> Supplied data:

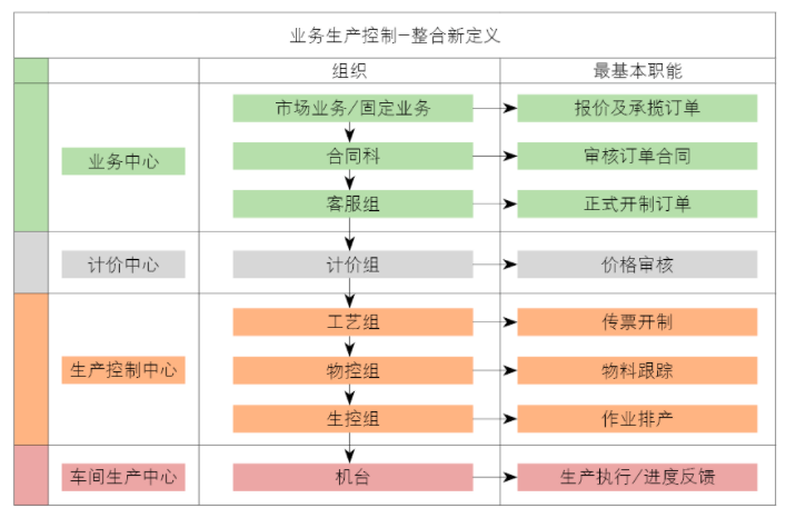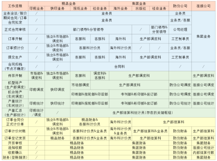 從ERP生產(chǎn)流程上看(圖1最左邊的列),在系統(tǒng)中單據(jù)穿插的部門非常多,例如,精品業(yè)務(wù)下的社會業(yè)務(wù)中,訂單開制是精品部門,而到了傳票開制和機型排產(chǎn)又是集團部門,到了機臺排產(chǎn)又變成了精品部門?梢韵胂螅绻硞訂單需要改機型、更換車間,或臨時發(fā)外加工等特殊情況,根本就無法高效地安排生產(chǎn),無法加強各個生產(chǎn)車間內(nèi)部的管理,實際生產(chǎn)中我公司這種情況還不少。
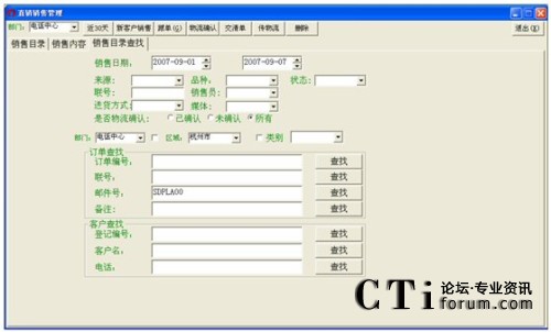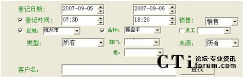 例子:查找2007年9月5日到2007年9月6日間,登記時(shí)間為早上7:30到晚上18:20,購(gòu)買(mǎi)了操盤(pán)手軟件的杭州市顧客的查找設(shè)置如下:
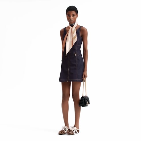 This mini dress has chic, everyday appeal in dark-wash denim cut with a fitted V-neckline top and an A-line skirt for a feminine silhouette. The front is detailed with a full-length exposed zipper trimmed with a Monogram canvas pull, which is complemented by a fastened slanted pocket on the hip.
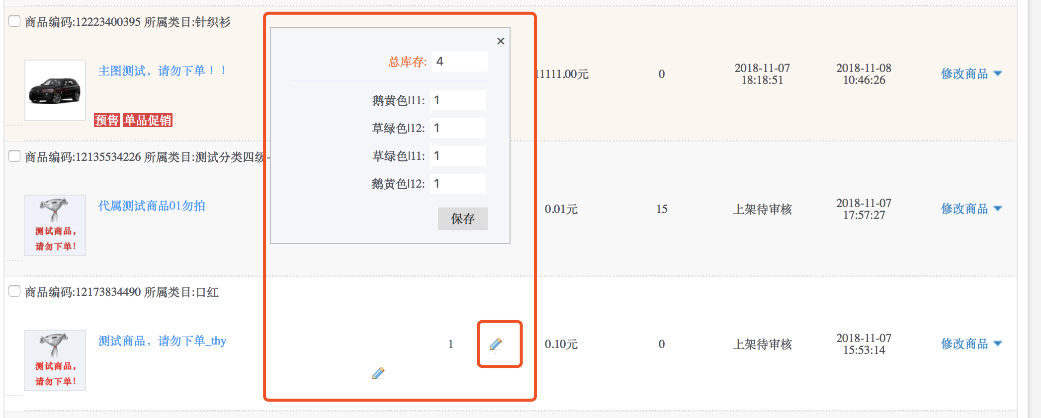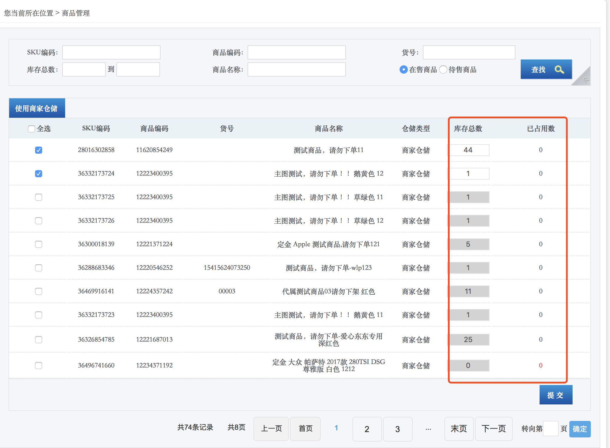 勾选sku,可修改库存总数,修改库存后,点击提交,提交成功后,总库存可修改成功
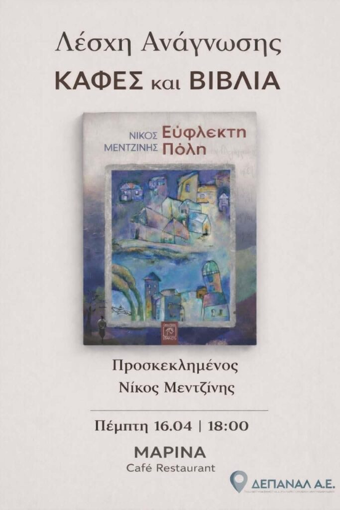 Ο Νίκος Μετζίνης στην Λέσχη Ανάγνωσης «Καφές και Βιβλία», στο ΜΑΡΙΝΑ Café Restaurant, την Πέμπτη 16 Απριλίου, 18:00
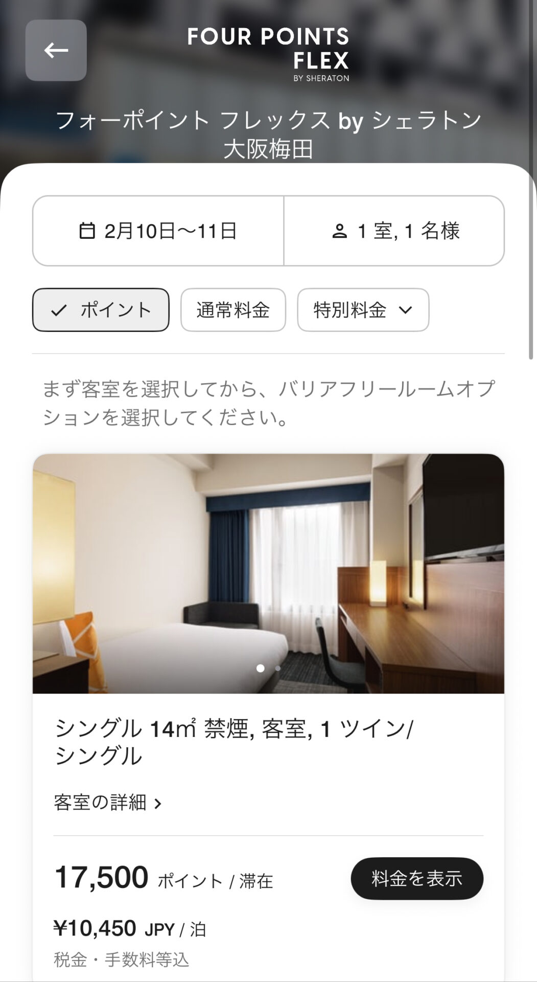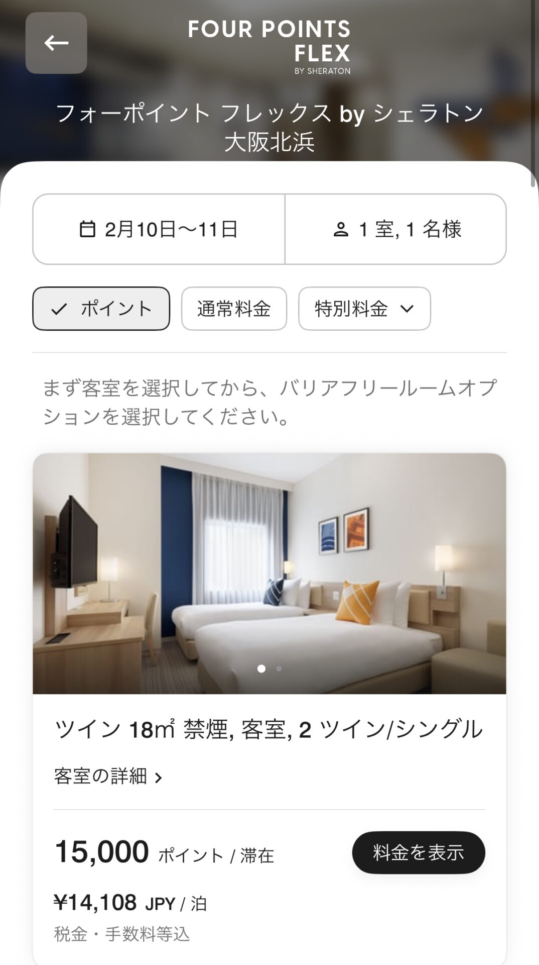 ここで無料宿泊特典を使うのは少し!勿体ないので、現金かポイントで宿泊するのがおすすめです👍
--
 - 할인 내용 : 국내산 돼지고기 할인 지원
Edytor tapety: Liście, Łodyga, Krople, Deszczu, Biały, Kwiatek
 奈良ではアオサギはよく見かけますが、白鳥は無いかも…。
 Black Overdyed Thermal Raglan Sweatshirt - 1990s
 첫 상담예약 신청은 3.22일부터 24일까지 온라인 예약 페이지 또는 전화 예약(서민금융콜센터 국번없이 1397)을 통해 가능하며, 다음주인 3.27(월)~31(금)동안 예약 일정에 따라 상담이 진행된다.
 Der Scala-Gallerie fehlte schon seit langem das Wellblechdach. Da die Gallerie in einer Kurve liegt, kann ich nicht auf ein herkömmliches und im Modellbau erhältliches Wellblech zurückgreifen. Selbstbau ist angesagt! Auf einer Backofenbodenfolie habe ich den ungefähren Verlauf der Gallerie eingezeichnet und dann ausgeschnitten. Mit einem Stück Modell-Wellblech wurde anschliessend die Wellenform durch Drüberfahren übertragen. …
--
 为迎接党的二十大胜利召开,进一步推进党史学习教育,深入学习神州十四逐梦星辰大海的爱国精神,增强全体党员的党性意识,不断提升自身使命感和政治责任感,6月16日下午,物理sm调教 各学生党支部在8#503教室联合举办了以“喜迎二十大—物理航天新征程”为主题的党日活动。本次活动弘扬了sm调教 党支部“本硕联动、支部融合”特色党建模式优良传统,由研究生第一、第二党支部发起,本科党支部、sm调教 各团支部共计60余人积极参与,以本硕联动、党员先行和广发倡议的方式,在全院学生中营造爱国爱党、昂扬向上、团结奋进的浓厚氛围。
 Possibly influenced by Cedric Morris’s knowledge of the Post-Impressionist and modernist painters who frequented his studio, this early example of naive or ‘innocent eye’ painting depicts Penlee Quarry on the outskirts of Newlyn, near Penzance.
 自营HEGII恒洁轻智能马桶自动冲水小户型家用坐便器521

> Requirement: The stretch of entries above that starts with the line containing "Possibly influenced by" and goes on through the line containing "自营HEGII恒洁轻智能马桶自动冲水小户型家用坐便器521" is to be transcribed exactly, and no other line is to be transcribed.

> Exercise answer:
 Possibly influenced by Cedric Morris’s knowledge of the Post-Impressionist and modernist painters who frequented his studio, this early example of naive or ‘innocent eye’ painting depicts Penlee Quarry on the outskirts of Newlyn, near Penzance.
 自营HEGII恒洁轻智能马桶自动冲水小户型家用坐便器521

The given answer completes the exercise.